## EXERCISE PROMPT
Set the pictures aside and transcribe exactly the lines from the one containing "В основе решения" through the final line of the records.

*** Opening of MATERIAL FOR THE TASK ***

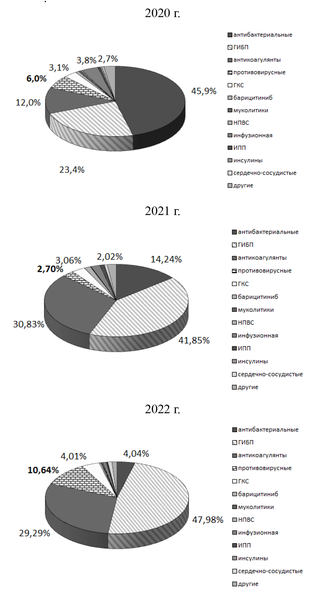 В 2020 и 2021 гг. на закупку противовирусных ЛС было затрачено 6,0 % и 2,7 % от общих затрат на ЛС, при этом в сегменте А противовирусные ЛС отсутствовали (рис.). Снижение относительной доли затрат на противовирусные ЛМ в 2021 г. было вызвано значительным увеличением расходов на генноинженерные биологические препараты (ГИБП), при этом в абсолютных значениях затраты на противовирусные препараты в 2021 г. были на 17,9 % выше, чем в 2020 г. Сегмент В в 2020 г. включал препараты интерферон бета-1в, фавипиравир, лопинавир/ритонавир и уминофер (40,1 % расходов сегмента В), в 2021 г. – фавипиравир и ремдесевир. Сегмент С в 2020 и 2021 г. включал гидроксихлорохин, умифеновир, интерферон-альфа, ингавирин и рибавирин, последний только в 2020 г. В 2022 г. на закупку противовирусных ЛС было затрачено 10,6 % всех средств, из них в сегмент А вошел ремдесевир (7,5 % средств сегмента А), в сегмент В –фавипиравир (32,9 % средств сегмента А) и сегмент С – умифеновир, интерферон-альфа, ингавирин (8,8 % средств сегмента С).
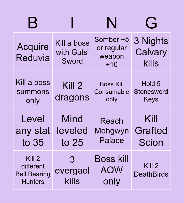 This bingo card has 30 words: Kill Margit, Kill Tree Sentinel, Kill Grafted Scion, Kill Godrick, Acquire Reduvia, Somber +5 or regular weapon +10, Boss Kill Consumable only, Sit at a grace in Altus Plateau, 3 evergaol kills, Acquire Both halves of Dectus Medallion, Boss kill AOW only, Kill 2 different Bell Bearing Hunters, Make it to Ijji, Kill 2 different Erdtree Avatars, Mind leveled to 25, Acquire 4 throwing pot types, Holding >60k Runes, Kill 2 DeathBirds, Obtain a full armor set (4 pieces), Kill a boss summons only, Reach Mohgwyn Palace, Get abducted, Kill a boss with Guts' Sword, Level any stat to 35, Kill 2 dragons, 3 Nights Calvary kills, Die From a status ailment, Boss kill Bow only, Hold 5 Stonesword Keys and Respec your character.
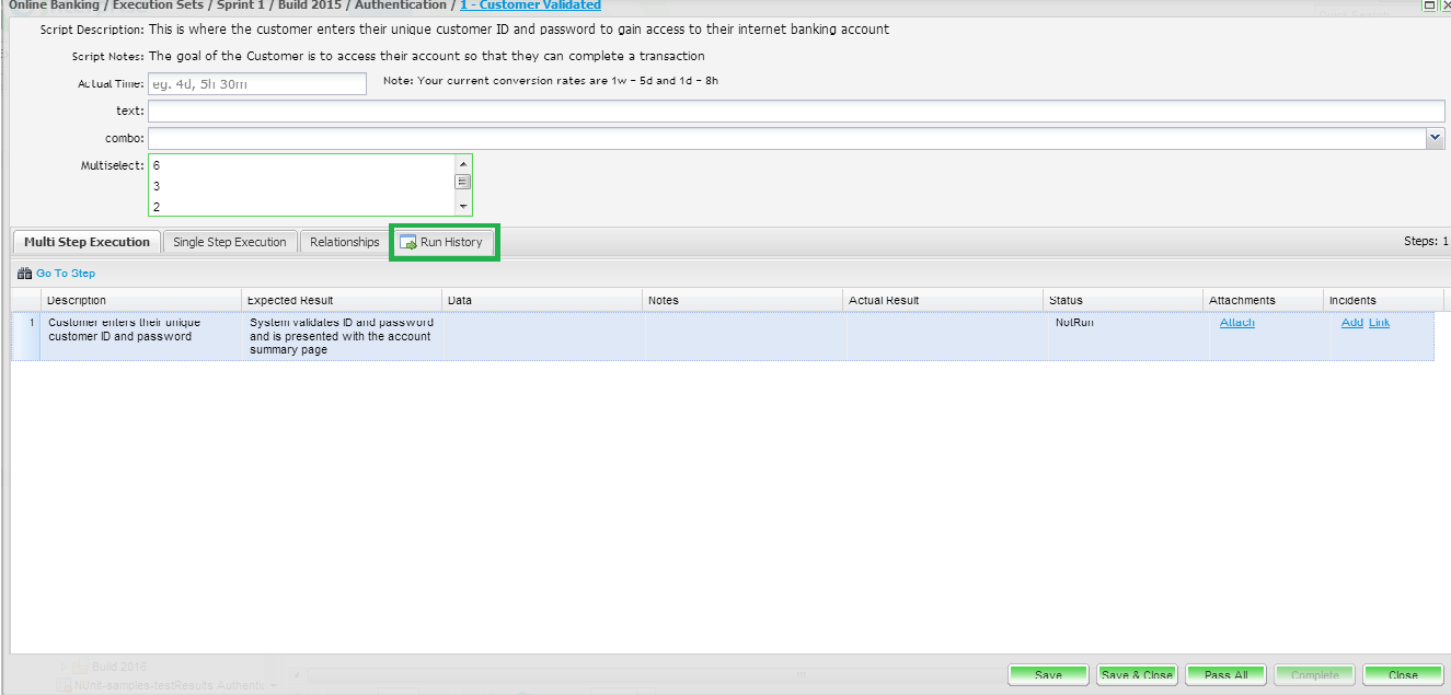 When you view the script assignment in the execution set, the latest run results are presented. You can view the full run history of the script, by clicking on the Run History tab.
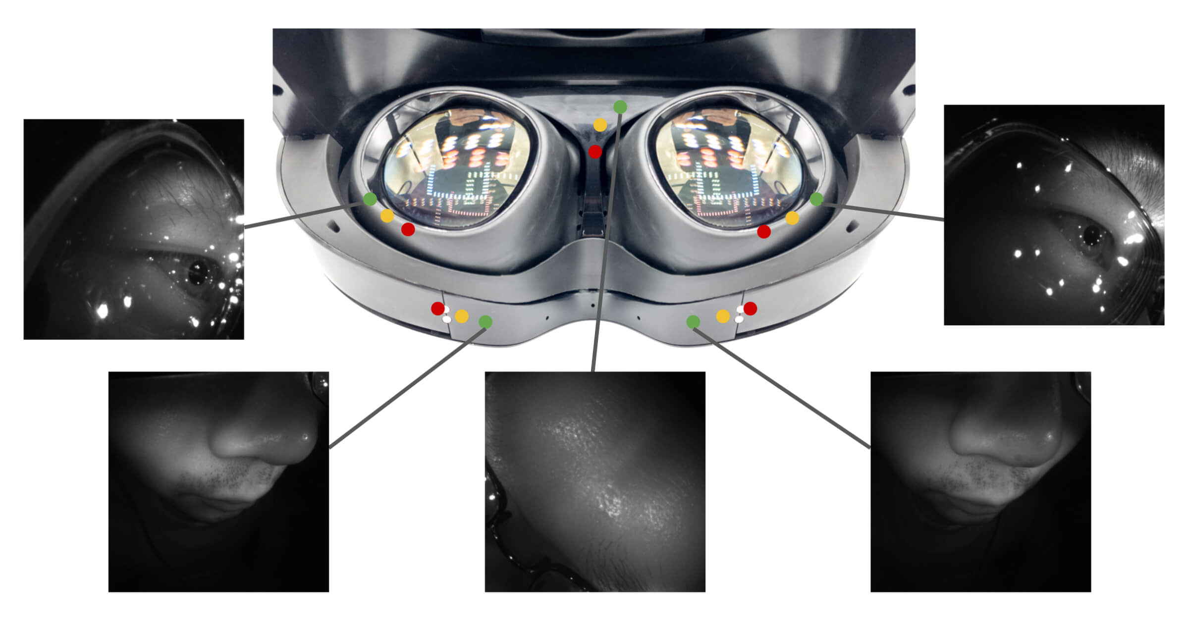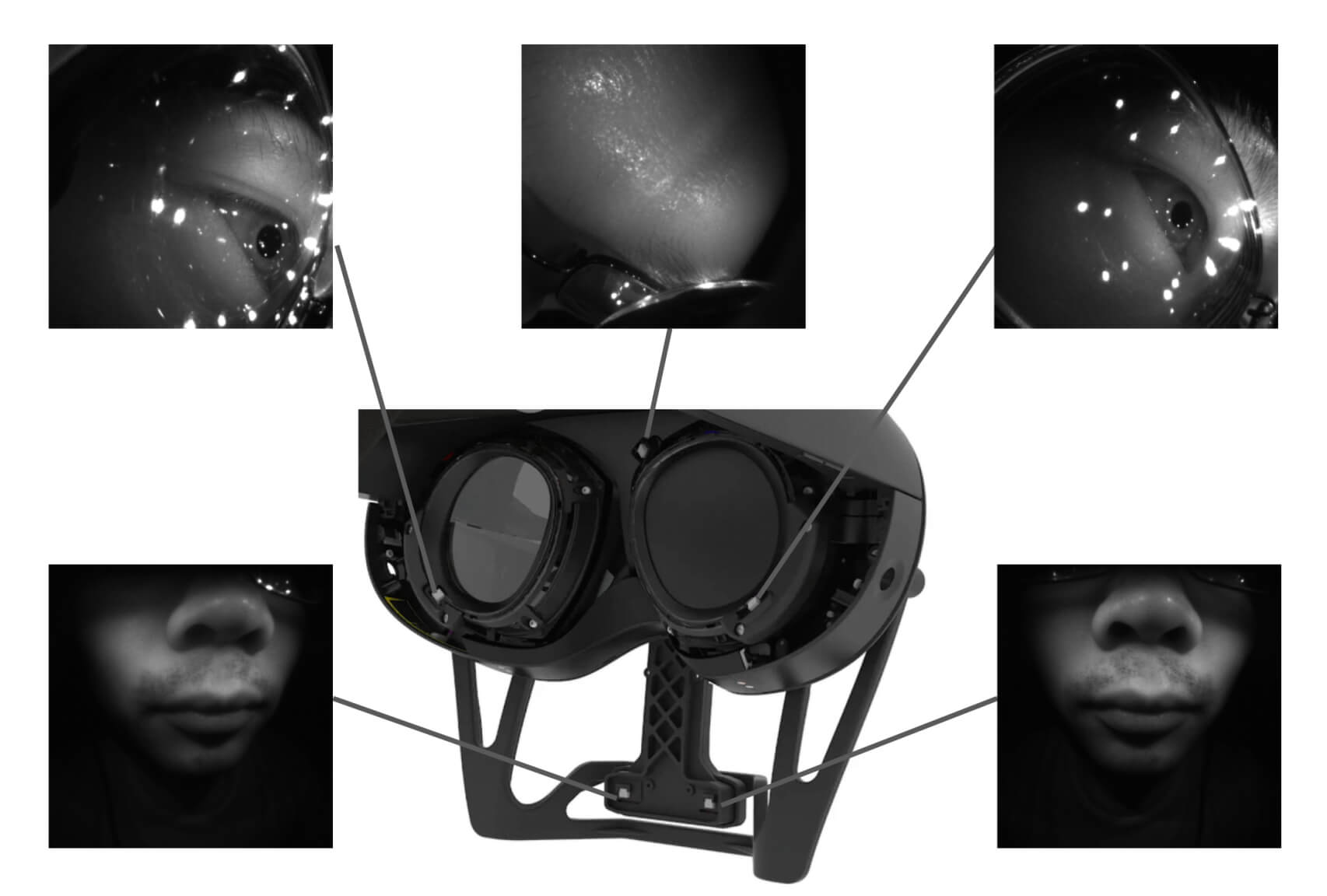 В основе решения лежат пять инфракрасных камер, интегрированных в корпус очков. Они фиксируют лицо пользователя в непосредственной близости так, чтобы отслеживать движения глаз, рта и области между бровями, несмотря на частичное перекрытие лица самим устройством. Такой захват помогает собирать последовательности изображений даже при слабом внешнем освещении.
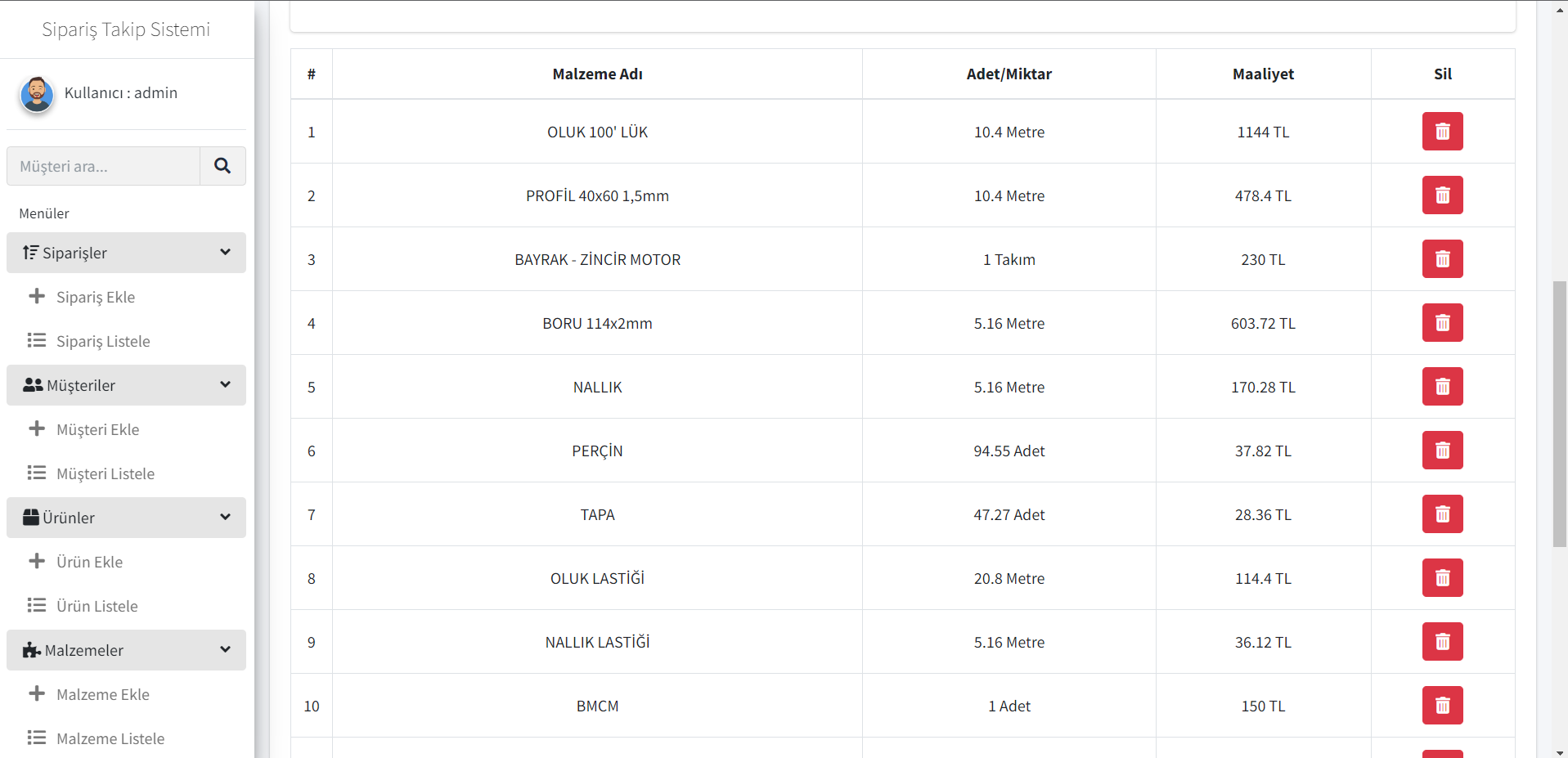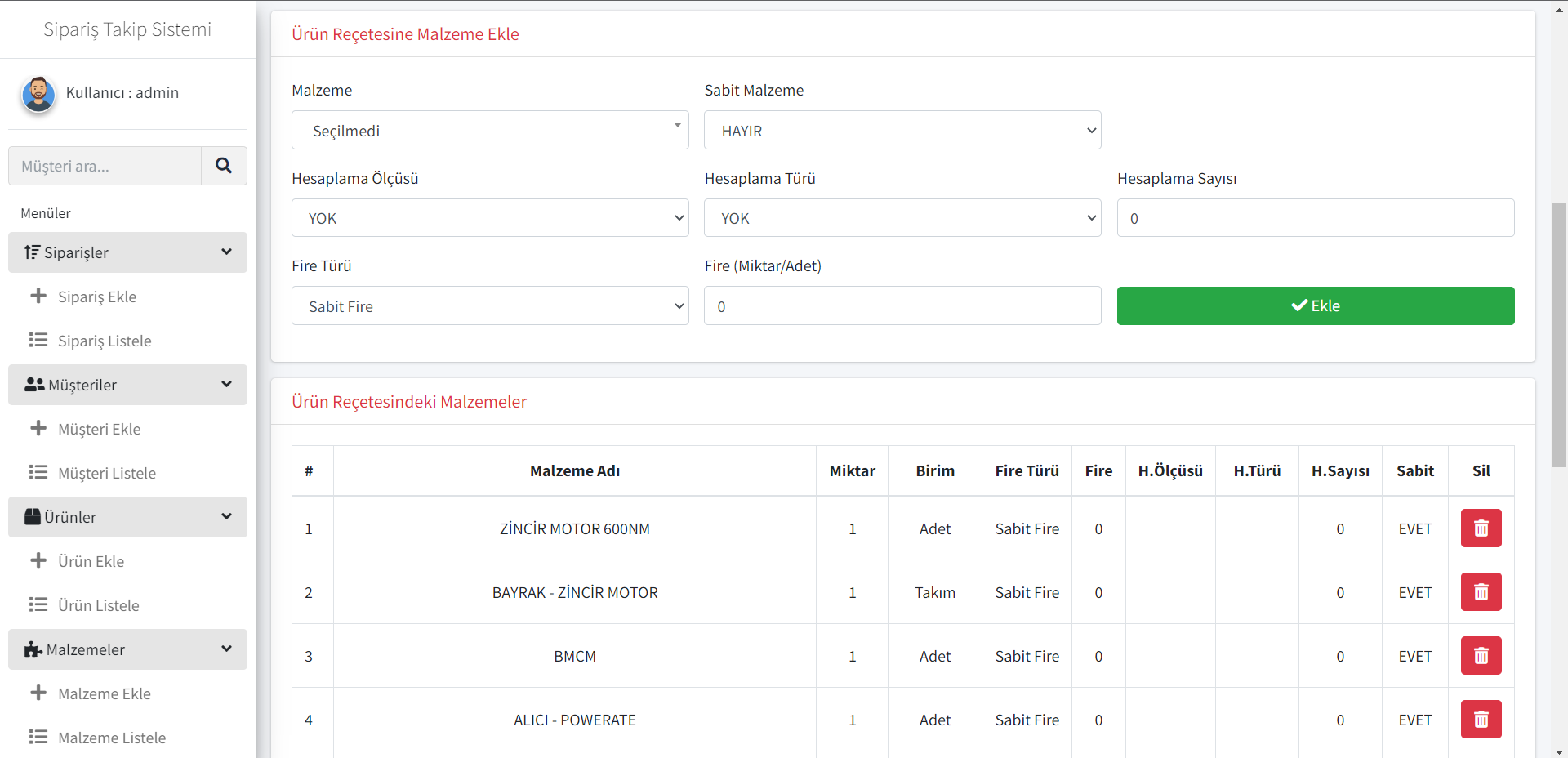 Malzeme modülü

*** Close of MATERIAL FOR THE TASK ***

## TASK OUTPUT
 В основе решения лежат пять инфракрасных камер, интегрированных в корпус очков. Они фиксируют лицо пользователя в непосредственной близости так, чтобы отслеживать движения глаз, рта и области между бровями, несмотря на частичное перекрытие лица самим устройством. Такой захват помогает собирать последовательности изображений даже при слабом внешнем освещении.
 Malzeme modülü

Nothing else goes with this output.